“Poor little cat,” said Rand, leaning closer. His breath rustled Jamie’s hair. He brushed his lips against her temple and for one impetuous moment, she gave up the fight and allowed herself to fully relax against him.
They both sighed softly.
The rain fell harder, and the wind whipped cold droplets on them and the kitten, making it shiver. “We’d better get him inside.” Jamie forced herself to move swiftly from Rand. But she couldn’t stop herself from turning her head, to see if he was following her.
He was, and she began to tremble all over again.

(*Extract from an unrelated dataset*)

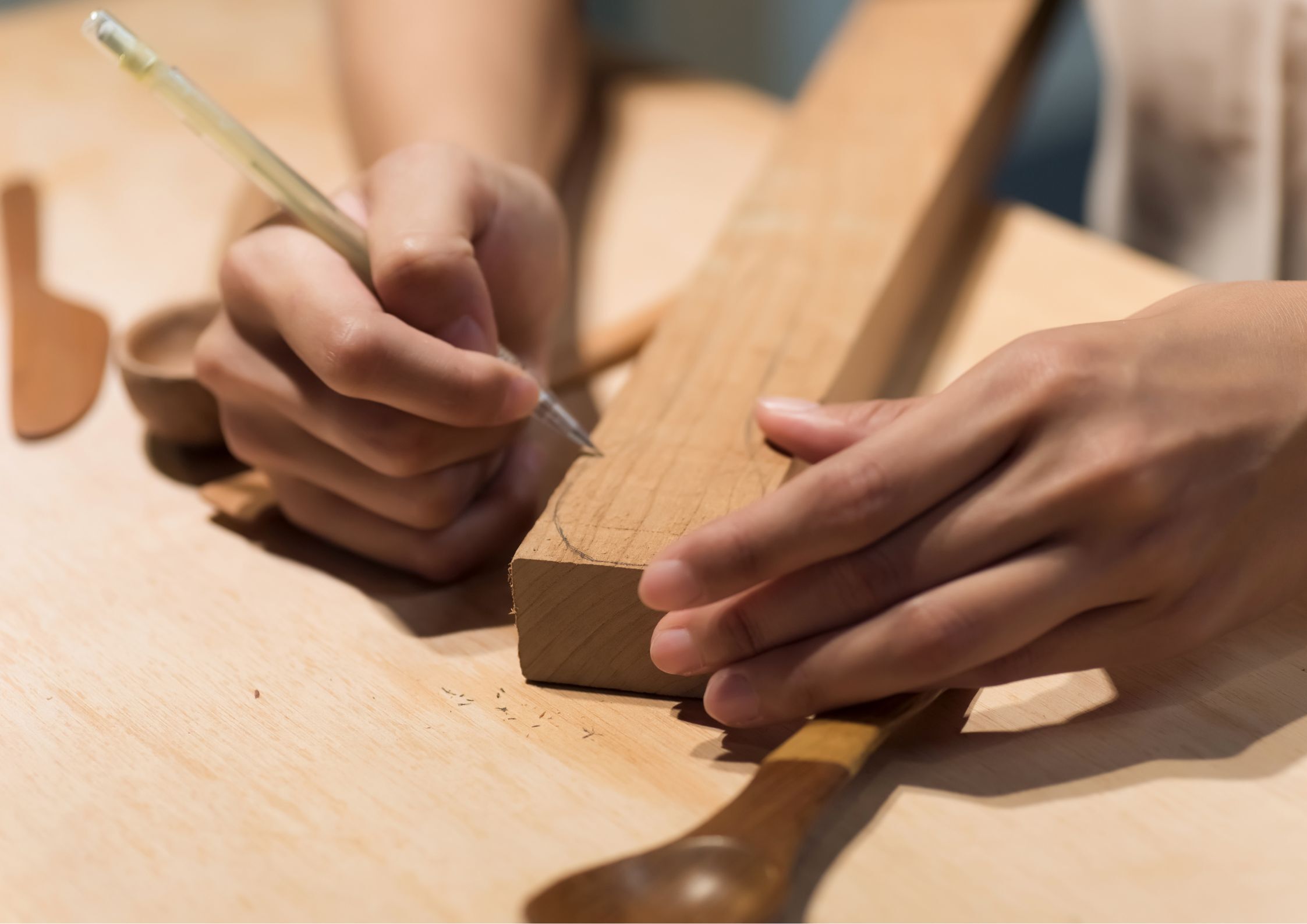 Den som vill kan snida smörknivar, salladsbestick, ett smycke eller något annat kul.

“Let’s take a good look at this little guy,” Rand said, as they stood in the vestibule of the library. He reached over to pet the cat. It was coal black with yellow eyes and four white paws. “It looks like he’s wearing high-topped sneakers,” he observed dryly.
“That’s a good name for him—Sneakers.” Jamie caught her breath as Rand slipped his thumb beneath her hand to glide over her palm while his other four fingers continued to stroke the cat.
“That’s too generic. And there’s nothing generic about this kitten. He’s a designer cat, no doubt about it. He needs a brand name...Reebok.” Rand’s thumb continued to make suggestive forays from her wrist to her palm.
She raised her eyes to his. The sexual tension hummed between them.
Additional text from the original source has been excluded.